GNOME Bugzilla – Bug 620195
xpointer doesn't use the string values of elements consistently
Last modified: 2021-07-05 13:21:20 UTC
Created attachment 162412 [details] test case As per the W3C XPointer draft, "Element boundaries, as well as entire embedded nodes such as processing instructions and comments, are ignored as specified by the definition of string-value in [XPath]." http://www.w3.org/TR/xptr-xpointer/#stringrange It turns out that embedded nodes disrupt the string calculations, however.

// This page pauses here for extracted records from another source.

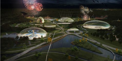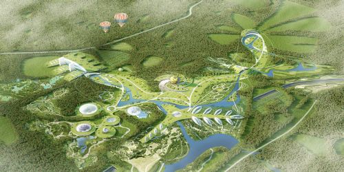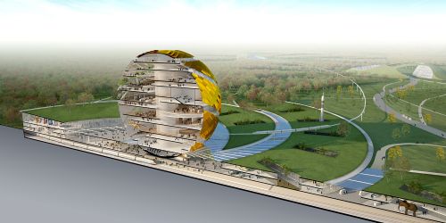 “每一个单元都有一个主题,建筑形式相应的也对这些主题进行了呼应。这样使得每个单位都形成了独特的氛围,每个单元中的建筑都是不同的,但是他们也有一些共同点:建筑顶部有一个绿色空间和娱乐路径,每组建筑都有一个很大的玻璃圆顶。建筑与广场和公园中心进行着互动式的呼应。”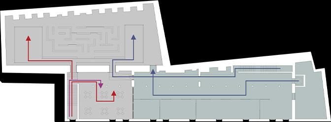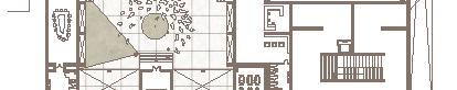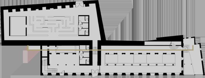 Il piano terra è stato diviso in due parti, quali il museo, sulla destra, che è stato mantenuto nel suo stato originale, ad eccezione del pavimento, messo in sicurezza. Tuttavia, alcune parti sono state lasciate a vista, in modo da poterle osservare. L’altra parte ospita una biblioteca, disposta su due livelli.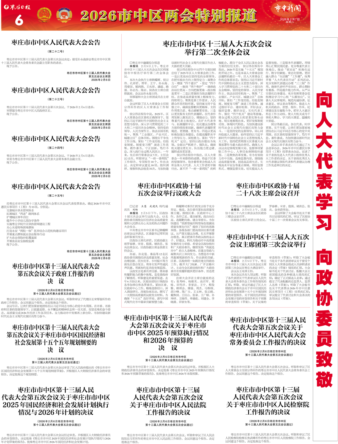 枣庄日报市中新闻第1798期(2026年2月7日)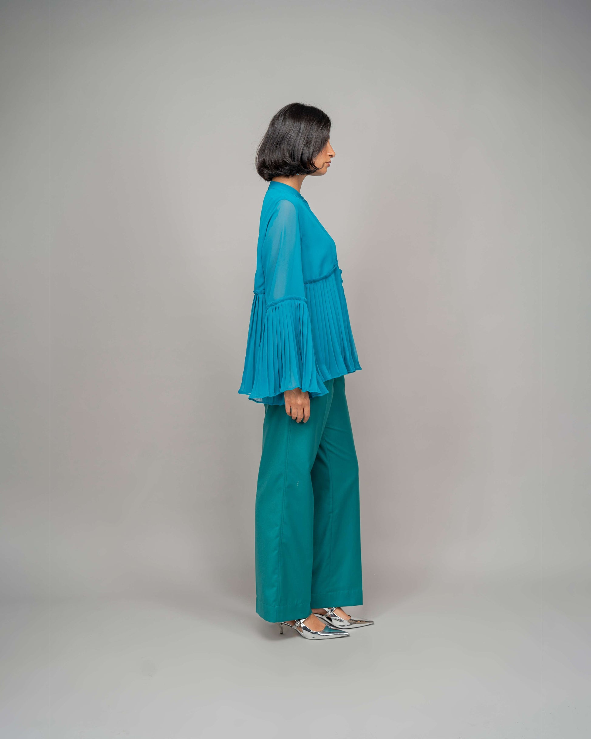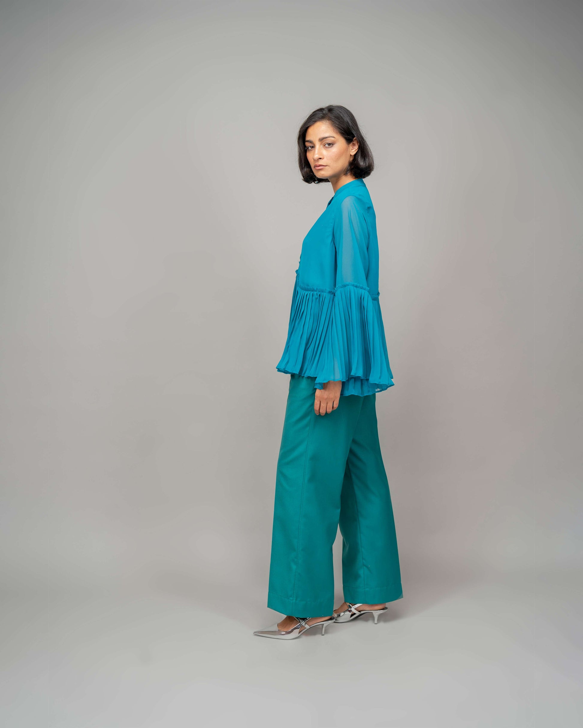 This trouser is cut in 100% Rayon Suiting, featuring a straight silhouette elongating the limbs. Model wear size M model height is 5'8 garment lenght is 40''

Below is the source and the output of $ xmllint --xinclude xpointer-nested_element.xml > output.xml [some of the strange effects of running this command are described separately in bug #562541 and bug #620190] SOURCE: <div xmlns="http://example.org/"> <p>XXAAXXAAXX <b>YYBBYYBBYY</b> ZZCCZZCCZZ WWDDWWDDWW.</p> <p>XXAAXXAAXX YYBBYYBBYY ZZCCZZCCZZ WWDDWWDDWW.</p> <p>XXAAXXAAXX YYBBYYBBYY <!-- gizmo -->ZZCCZZCCZZ WWDDWWDDWW.</p> <p>Thomas <em>Pyn</em>chon</p> </div> OUTPUT: <body xmlns="http://example.org/"> <!-- Although the entire content of the <p> element should be seen and handled as a single string to the exclusion of non-element nodes (this is what "string value of <p>" is), we can see in the first three <div>s that an embedded node disrupts calculations (the second example is the reference [if you're surprised about the indexes, see bug #620190 - this seems an independent issue]). Notice that in the third <div>, the comment is not included, but nevertheless the calculations change. The last example is modified from the W3C draft, it should match the entire name. It actually does, but it returns more than the requested 10 characters. --> <div> <seg>XXAAXXAAXX</seg> <seg><b xmlns="http://example.org/">YBBYYBBYY</b> Z</seg> <seg>CCZZCCZZ W</seg> <seg>DDWWD</seg> </div> <div> <seg>XXAAXXAAXX</seg> <seg>YYBBYYBBYY</seg> <seg>ZZCCZZCCZZ</seg> <seg>WWDDW</seg> </div> <div> <seg>XXAAXXAAXX</seg> <seg>YYBBYYBBYY</seg> <seg>ZCCZZCCZZ </seg> <seg>WDDWW</seg> </div> <seg>Thomas <em xmlns="http://example.org/">Pyn</em>cho</seg> </body>
Ah, I have now realised the obvious, concerning the "Thoman Pynchon" example: string-range() does return exactly 10 characters: "Thomas "=7 + "cho"=3. It completely skips the embedded element, but it should not be able to distinguish <p>Thomas <em>Pyn</em>chon</p> from <p>Thomas Pynchon</p> So just to make matters clearer: the desired output of the last match is "Thomas Pyn" = 10 characters.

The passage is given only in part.